Der erste Teil der Unterrichtseinheit befasst sich mit der Wiederholung der genetischen und gentechnischen Grundlagen des Themas. Im Idealfall erfolgt dies im Team-Teaching mit der Kollegin oder dem Kollegen aus der Biologie. Wenn der Grundlagenteil nur im Informatikunterricht durchgeführt werden kann, empfiehlt sich dabei die Beschränkung auf das Notwendigste. Bei der Wiederholung der Grundlagen bietet sich der Einsatz der Software "GenLab" an. Kernstück des Programms ist ein virtuelles Labor mit interaktiven Simulationen zum gentechnischen "Handwerkszeug". Im zweiten Teil der Unterrichtseinheit wird die zu bearbeitende Aufgabe, ein Hamilton-Pfad-Problem, vorgestellt. Anschließend erarbeiten die Schülerinnen und Schüler, wie man die Aufgabe mit molekularbiologischen Verfahren lösen kann. Die Funktionen eines DNA-Computers werden mit der kostenlosen Software "Hellics" simuliert (Linux-Rechner oder Knoppix-Umgebung erforderlich). Die Unterrichtseinheit wurde im Rahmen einer Staatsexamensarbeit konzipiert und beim ExaMedia NRW-Wettbewerb ausgezeichnet.
Rechnen mit DNA – theoretische Informatik einmal praktisch
- Informatik
- Sekundarstufe II
- etwa 7 Unterrichtsstunden
- Arbeitsblatt, Software
- 1 Arbeitsmaterial
Nach der Auffrischung der molekularbiologischen Grundlagen entwickeln die Schülerinnen und Schüler eine Strategie, wie man mit einem DNA-Rechner ein einfaches Hamilton-Pfad-Problem lösen kann. Dabei kommt die kostenfreie Software „Hellics“ zum Einsatz, die die Funktionen eines DNA-Computers simuliert.
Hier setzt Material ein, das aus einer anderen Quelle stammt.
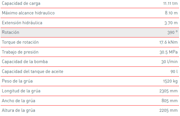 La grúa F115A, es la evolución del modelo tan reconocido F110A.

Beschreibung der Unterrichtseinheit
Didaktisch-methodischer Kommentar
Diese Unterrichtseinheit verdeutlicht, wie Themen aus der theoretischen Informatik mit einem praktischen Zugang und in Verbindung mit neuen Medien in der Schule behandelt werden können. Die Schülerinnen und Schüler sollen lernen, dass es möglich ist mit DNA zu rechnen. Dabei wird nicht thematisiert, welche Vorteile dies bringt und wozu man DNA-Computer nutzen kann. Die Lernenden sollen lediglich erkennen, dass es Alternativen zu unseren herkömmlichen Rechnern geben kann. Der besondere Reiz des Themas DNA-Computing liegt in seiner Aktualität und seinem interdisziplinären Charakter. Zudem werden die Lernenden motiviert sein, sich mit einer potenziellen Zukunftstechnologie zu beschäftigen, deren Grundlagen erst in den 90er Jahren entwickelt wurden. Die Verbindung von Biologie mit Informatik ist für viele Schülerinnen und Schüler sicher sehr überraschend. Sie erkennen, dass es sich lohnt, über auf den ersten Blick ungewöhnliche Dinge genauer nachzudenken und erfahren, dass es die Natur schon seit langem versteht, Informationen sehr effizient zu speichern.
- Thematischer Einstieg und Aufbau der DNA
Der Einstieg in die Thematik erfolgt über einen Comic-Strip, der die Entstehung der Idee zum "DNA-Computing" von Leonard Adleman zeigt. - Einsatz des virtuellen Genlabors "GenLab"
Grundlegende gentechnologische Verfahren werden mit der "GenLab"-Software erarbeitet beziehungsweise aufgefrischt. - Mini-Leitprogramm "Gentechnologische Verfahren"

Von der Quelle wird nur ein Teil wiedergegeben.